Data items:
::::
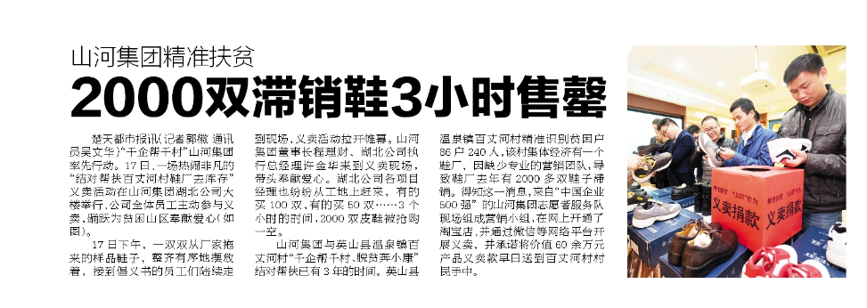 “千企幫千村“山河集團(tuán)率先行動(dòng)。11月17日,一場(chǎng)熱鬧非凡的“結(jié)對(duì)幫扶百丈河村鞋廠去庫存”義賣活動(dòng)在山河集團(tuán)湖北公司大樓舉行,公司全體員工主動(dòng)參與義賣,踴躍為貧困區(qū)奉獻(xiàn)愛心。
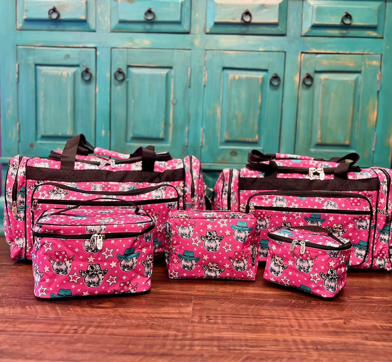 The Disco Cowgirl Large Duffle Bag is sure to impress, with its multi bright pink background and multi colored cowgirl hats, these bags have tons of character.  The multiple compartments come in handy so you can store all your essentials in one stylish and convenient bag. Perfect for any adventure.
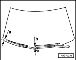 NOTE: The dimensions indicate the gap between the wiper blades to cowl grille of plenum chamber at lower edge of windshield.
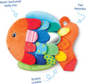 - Engaging Sensory Play: This cuddly fish friend is a squeaking & crinkling, multi-textured baby toy, with hidden pictures under brightly colored peek-a-boo scales, inviting exploration & early learning
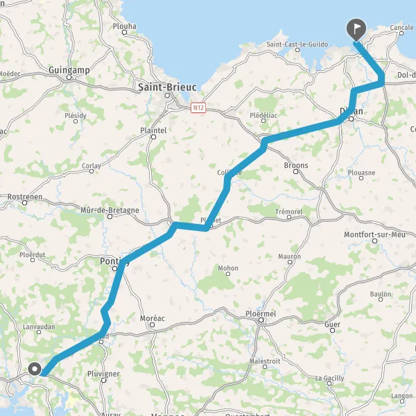 Au rond-point, prendre la 2ème sortie sur D768 (Route de Pontivy) et continuer sur 43 kilomètres
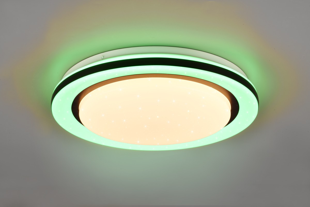 Trio R67244000 LED přisazené stropní svítidlo Cartida 1x17W | 2000lm | 2700-6000K + RGB | IP20 - plynulé nastavení barvy světla, dálkové ovládání, oddělené spínaní světelných zdrojů, hvězdný efekt, bílá
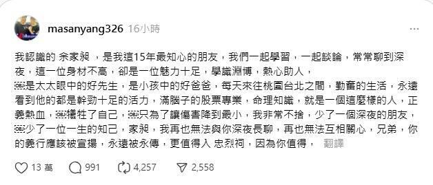 通緝犯張文在前天犯下舉國震驚的台北捷運隨機殺人案,他的手段雖然兇殘,可是在這場恐怖的事件中,首位被張文殺害者,其實相當英勇。這位被害人是余家昶,他不僅率先發現張文的犯行,更捨命攔阻、破壞了張文一整箱的汽油彈。今天有網友發文說,余其實並非保全,而是從事金融業,平時熱心助人,更希望他的義行永傳、入忠烈祠。
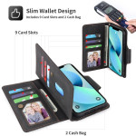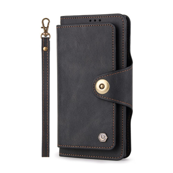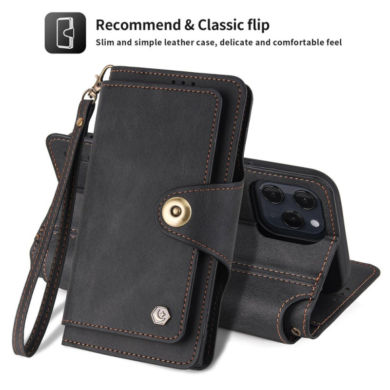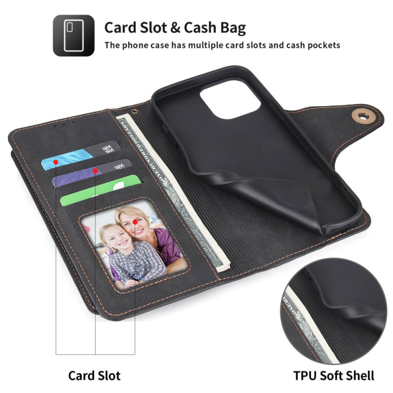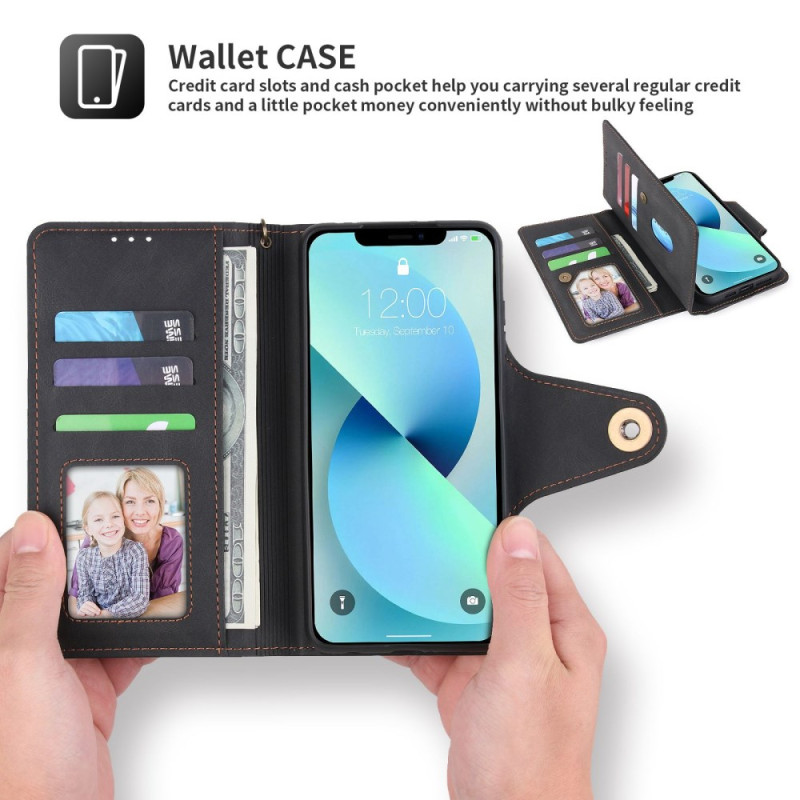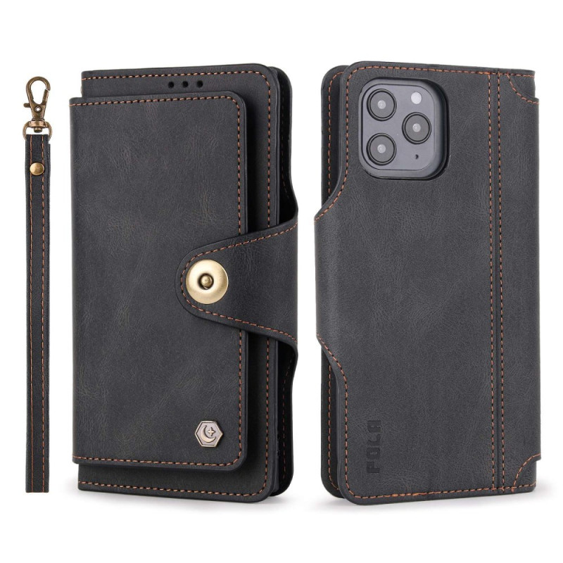 Étui portefeuille élégant pour iPhone 13 Pro avec 9 emplacements pour cartes et 2 poches pour espèces. Design pratique avec support intégré, fermeture à boucle sécurisée et dragonne amovible pour un transport facile au quotidien.
::::
> [Problem to work on]: What is needed is an exact copy of all the entries above, minus the pictures.

> [Task response]:
 “千企幫千村“山河集團(tuán)率先行動(dòng)。11月17日,一場(chǎng)熱鬧非凡的“結(jié)對(duì)幫扶百丈河村鞋廠去庫存”義賣活動(dòng)在山河集團(tuán)湖北公司大樓舉行,公司全體員工主動(dòng)參與義賣,踴躍為貧困區(qū)奉獻(xiàn)愛心。
 The Disco Cowgirl Large Duffle Bag is sure to impress, with its multi bright pink background and multi colored cowgirl hats, these bags have tons of character.  The multiple compartments come in handy so you can store all your essentials in one stylish and convenient bag. Perfect for any adventure.
 NOTE: The dimensions indicate the gap between the wiper blades to cowl grille of plenum chamber at lower edge of windshield.
 - Engaging Sensory Play: This cuddly fish friend is a squeaking & crinkling, multi-textured baby toy, with hidden pictures under brightly colored peek-a-boo scales, inviting exploration & early learning
 Au rond-point, prendre la 2ème sortie sur D768 (Route de Pontivy) et continuer sur 43 kilomètres
 Trio R67244000 LED přisazené stropní svítidlo Cartida 1x17W | 2000lm | 2700-6000K + RGB | IP20 - plynulé nastavení barvy světla, dálkové ovládání, oddělené spínaní světelných zdrojů, hvězdný efekt, bílá
 通緝犯張文在前天犯下舉國震驚的台北捷運隨機殺人案,他的手段雖然兇殘,可是在這場恐怖的事件中,首位被張文殺害者,其實相當英勇。這位被害人是余家昶,他不僅率先發現張文的犯行,更捨命攔阻、破壞了張文一整箱的汽油彈。今天有網友發文說,余其實並非保全,而是從事金融業,平時熱心助人,更希望他的義行永傳、入忠烈祠。
 Étui portefeuille élégant pour iPhone 13 Pro avec 9 emplacements pour cartes et 2 poches pour espèces. Design pratique avec support intégré, fermeture à boucle sécurisée et dragonne amovible pour un transport facile au quotidien.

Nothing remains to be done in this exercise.